____ Data section
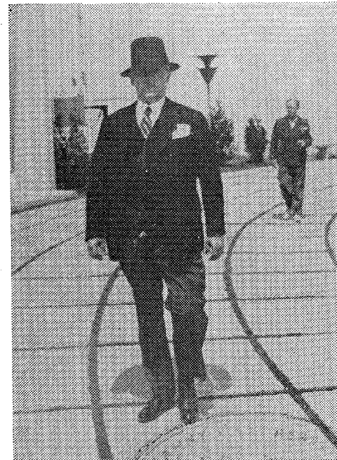
La „Luna Bucureștilor“ (1935).
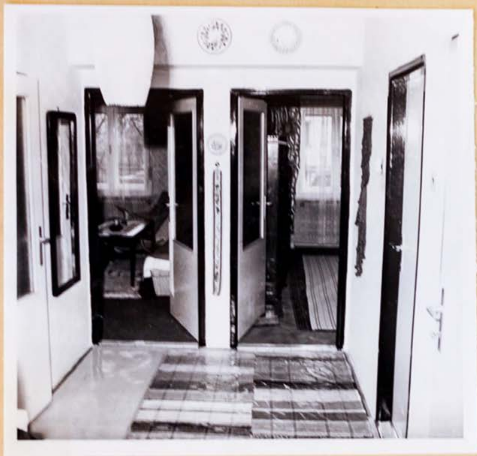
4. / Záber na dvere do druhej miestnosti, ktoré susedia s dverami do miestnosti prvej
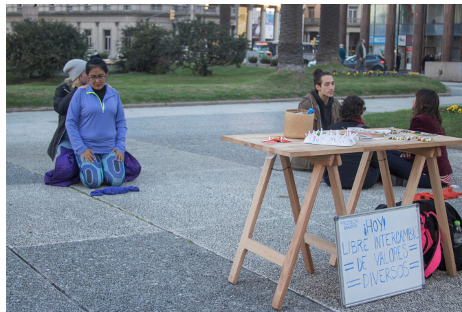
Foto: Plaza Independencia
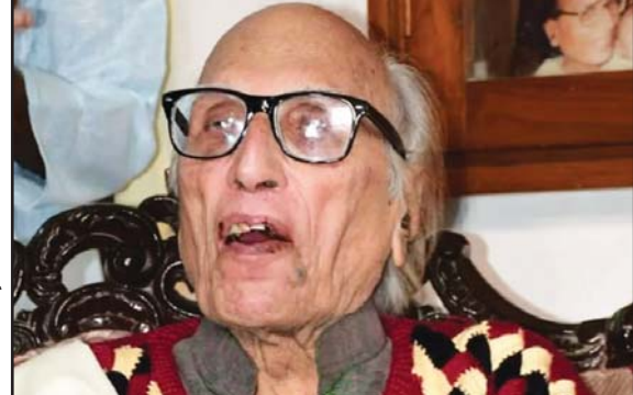
एमयू से शुरू हुआ सफर और मेरठ का वो गहरा जख्म..

डेस्क जगप्रेरणा। उर्दू अदब और आधुनिक गजल के सबसे चमकदार सितारे डॉ बशीर बद्र साहब ने 91 वर्ष की उम्र में इस फानी दुनिया को अलविदा कह दिया। बशीर बद्र को गजल विधा में ठेठ, सरल और बेहद रूमानी शब्दों को पिराने के लिए हमेशा याद किया जाएगा।
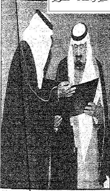
للملك عبدالله بن عبدالعزيز جائزة الملك فيصل للخدمة الإسلامية
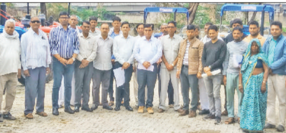
रेवाड़ी। अनाजमंडी में किसानों के ट्रैक्टरों का भीतिक सत्यापन करते अधिकारी।
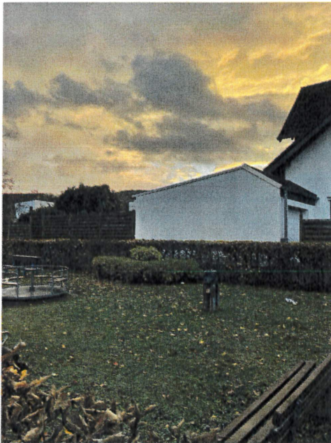
Spielplatz im Kleinflur
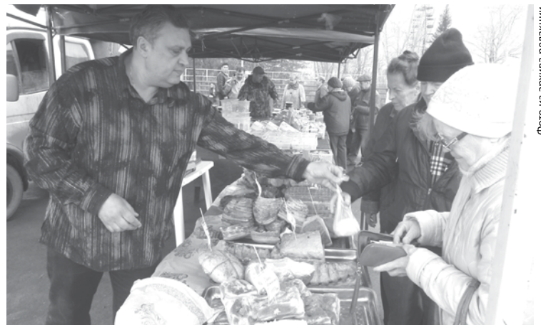
Сельскохозяйственные ярмарки всегда пользуются популярностью у богдановичцев, так как здесь они могут купить качественный товар из первых рук.
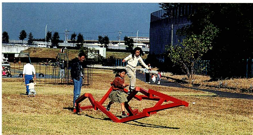
多摩川ふっさ野外美術展

なんか結構小さな子が遊びに来てくれたのですが、最近は多分減っているんじゃないかと思います。子供のためのサークルが少ないように思う。私がマンガクラブに入っていたころは楽しくて、いつも市民会館に自転車で来て、遊んで帰るみたいなこと
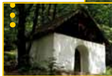
● Pustelnia ● św. Urbana ● (Gmina Iwkowa)
________
* _The problem_: For the lines above, output exactly those from the line containing "एमयू से शुरू" through the line containing "डेस्क जगप्रेरणा। उर्दू", and skip the others.

* _Solution to this exercise_:
एमयू से शुरू हुआ सफर और मेरठ का वो गहरा जख्म..

डेस्क जगप्रेरणा। उर्दू अदब और आधुनिक गजल के सबसे चमकदार सितारे डॉ बशीर बद्र साहब ने 91 वर्ष की उम्र में इस फानी दुनिया को अलविदा कह दिया। बशीर बद्र को गजल विधा में ठेठ, सरल और बेहद रूमानी शब्दों को पिराने के लिए हमेशा याद किया जाएगा।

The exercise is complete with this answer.